Why did Harvard just dump $87 million in Ethereum ETF shares?



Harvard University’s Endowment Fund has aggressively reduced its exposure to cryptocurrencies. According to recent regulatory filings, the world’s largest academic endowment fund reversed its bullish stance on crypto assets during the first quarter of the year.

The move highlights the emerging difference among Wall Street elite regarding the long-term viability of spot cryptocurrency products. While some multi-billion-dollar entities continue to accumulate digital assets, others are quickly turning profits or mitigating risks amid a volatile macroeconomic landscape.

What did Harvard sell for?

The latest Form 13F filed with the US Securities and Exchange Commission (SEC) reveals that Harvard Management Company (HMC) has completely canceled its $86.8 million position in BlackRock’s iShares Ethereum Trust (ETHA).

Compounding this complete exit, Harvard also reduced its position in BlackRock’s iShares Bitcoin Trust (IBIT) by approximately 43%. The endowment unloaded approximately 2.3 million shares of the Spot Bitcoin ETF, leaving it with 3,044,612 shares worth approximately $117 million at the end of the quarter.
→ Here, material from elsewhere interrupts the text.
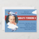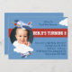 Take to the skies with this fun airplane birthday party invitation! It features one photo and bright primary colours with a bit or grey to compliment most party schemes.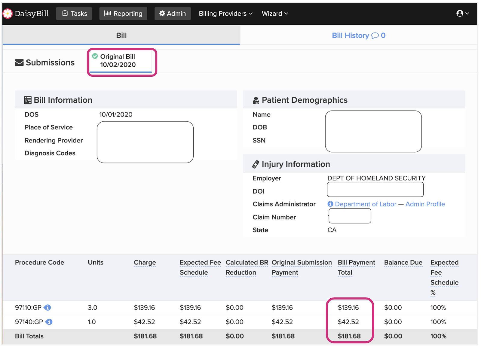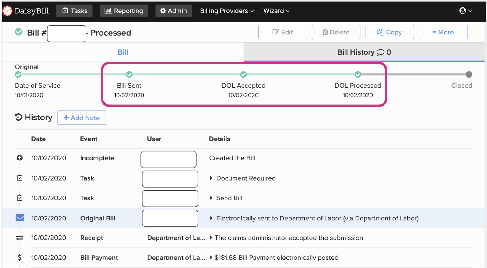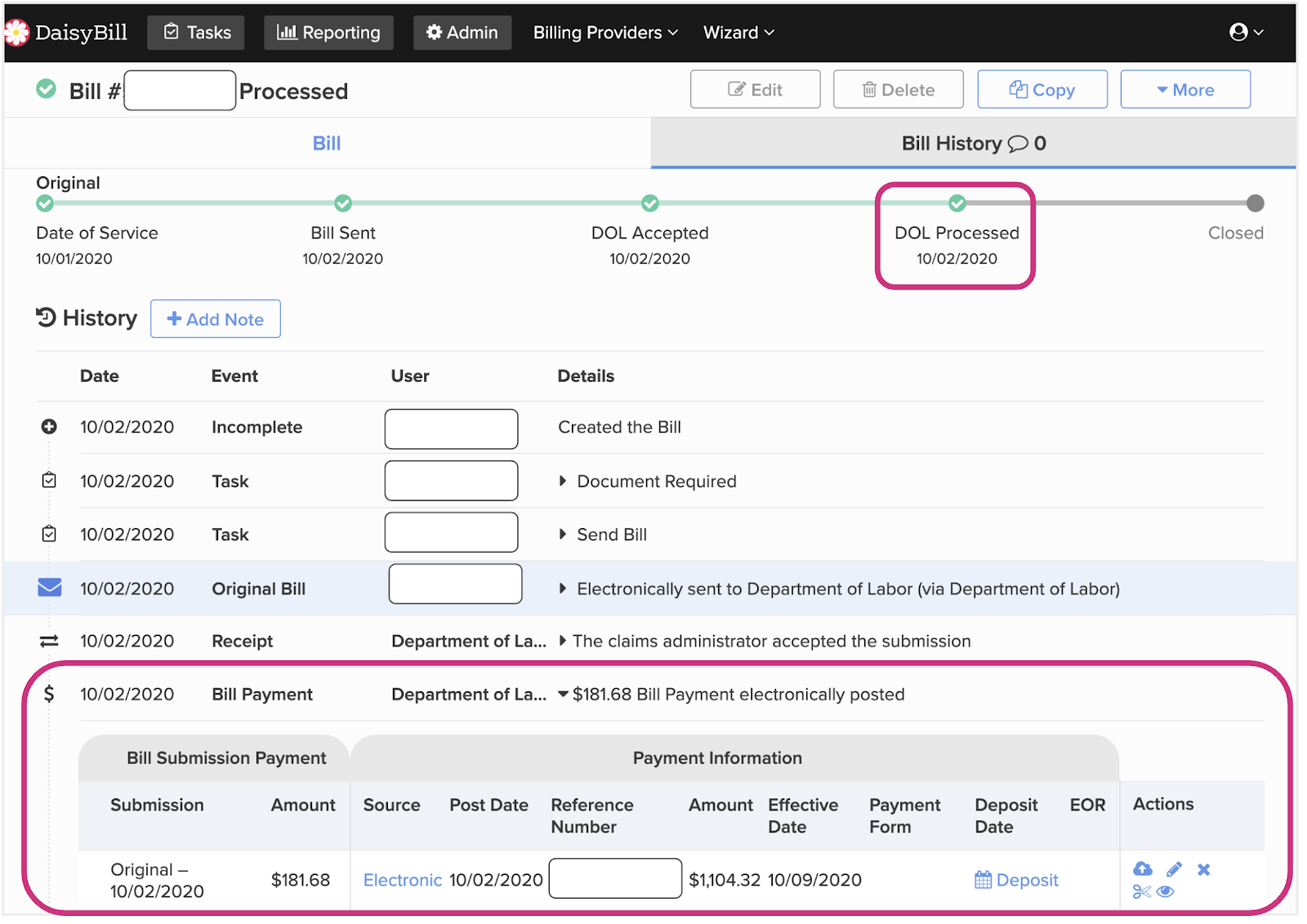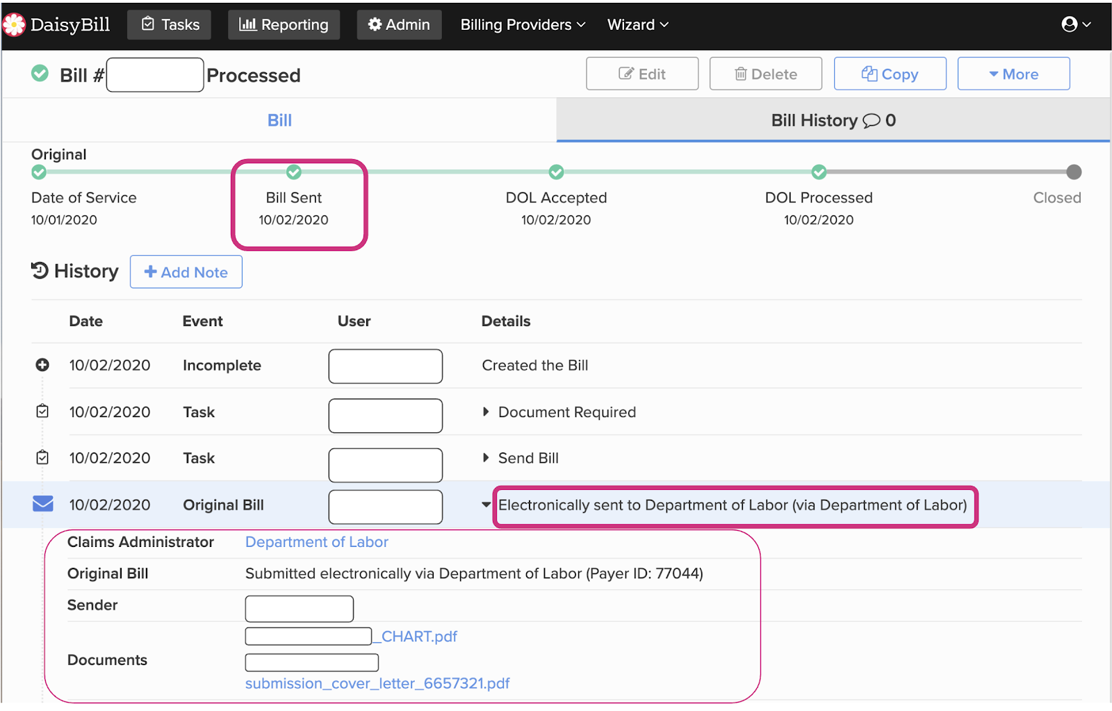 Below is an example of an electronic bill DaisyBill sent to the DOL on October 2nd. The DOL processed this electronic bill and issued an electronic EOR on the same day, October 2nd.

Understanding Corporate Rebalancing and 13F Filings

To contextualize Harvard’s recent transactions, it is necessary to define what these regulatory disclosures mean. A Form 13F It is a quarterly report required by the Securities and Exchange Commission from institutional investment managers who own at least $100 million in equity assets. It provides the public with a snapshot of long positions in US-listed stocks, options and exchange-traded funds (ETFs).

While these recordings provide transparency, they have an inherent time lag. The data revealed in mid-May reflects the portfolio structure exactly as it stood on March 31. Therefore, any tactical adjustments Harvard made during the second quarter remain unknown to the general public until the next reporting cycle.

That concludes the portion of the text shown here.